By: Jodie Shield, RD

Daycare, school, work – for today’s busy families, the morning rush hour is about more than traffic.  Everyone is in a mad dash to finish homework, brush their hair and teeth, and pack lunches before racing out the door. Squeezing in a quick breakfast hardly seems worth the time.  However, if anyone in your family is a chronic breakfast skipper, sound the breakfast alarm.  Breakfast is arguably the most important meal of the day and nobody should leave home without it. Eating breakfast helps both kids and adults maintain a healthy weight, concentrate and perform better at school and work – and there are plenty of studies to back this up.

Since September is Eat a Better Breakfast Month, be sure to follow my next few blog posts.  I’ll be featuring all kinds of tips and recipes to help you and your kids rise and shine and enjoy breakfast time.  First up on the breakfast menu, beat-the-clock breakfast tips from my book Healthy Eating, Heathy Weight for Kids and Teens.  These time-saving tips are guaranteed to help everyone eat a healthy breakfast when they’re in a hurry.

  • Give me five!
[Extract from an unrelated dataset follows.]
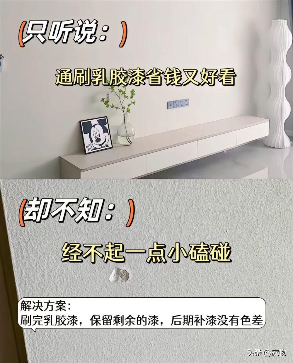 乳膠漆確實是簡單好看又實用,但也較爲怕磕碰,在刷漆的時候,一定要叮囑師傅陽角加陽角條,且最好留出剩餘的漆料,日常磕碰後自己就能隨手補上,很是方便。

Reset the alarm clock so that everybody gets up five minutes earlier. The extra time will give kids the few minutes they need to eat a quick breakfast.
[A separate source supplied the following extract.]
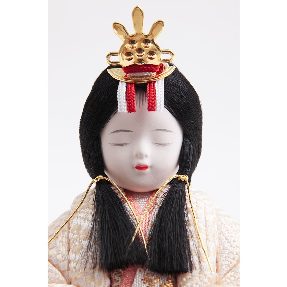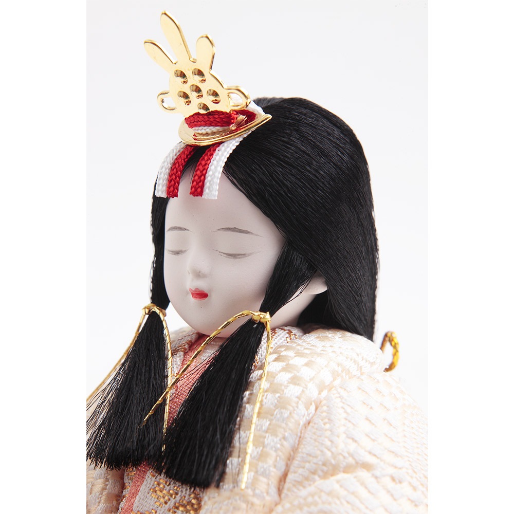 優美に佇むお人形の純真なお顔は、筆を使用して丁寧に表現する笹目(ささめ)と呼ばれる目の書き方が魅力で、薄墨を何層にも重ねて書かれた奥行のある目は、飽きの来ない優し気な表情を生み出しています。

  • Get organized! Each night before school, make sure that everyone’s homework is competed and in their backpacks.  Also, have kids decide what they want to wear and lay out their clothes before going to bed. Another time saver is to pack lunches in the evening and keep them in the refrigerator to grab and go.
  • Tune out distractions. Every minute counts! Turn off the TV and ask tweens and teens to stop texting and put away their cellphones.
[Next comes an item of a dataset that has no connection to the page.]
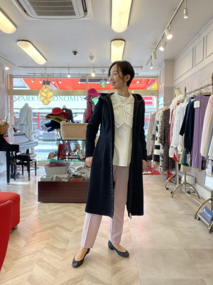 コートやダウンはダークなお色が多いかと思いますので中に着る洋服で軽さを出していくと

  • Keep quick-to-fix foods on hand. Stock up on healthy, ready-to-eat breakfast foods like instant oatmeal, whole grain cereal, homemade granola, whole wheat frozen waffles, whole wheat bread and bagels, bananas, fresh berries, tomato juice, fat-free yogurt, low-fat milk, hard-boiled eggs, and peanut butter.
  • All for one and one for all. Get up before your kids and make a large pot of oatmeal or a batch of whole wheat waffles that are ready to eat as soon as they enter the kitchen.
  • Divide and conquer. Give everyone a breakfast responsibility.  Somebody pours the milk, another person toasts bread, another scrambles the eggs. Make sure everybody takes turn helping with clean up, too.

Breakfast is a healthy way to start the day. No more excuses.  Which breakfast eating tip are your going to try first?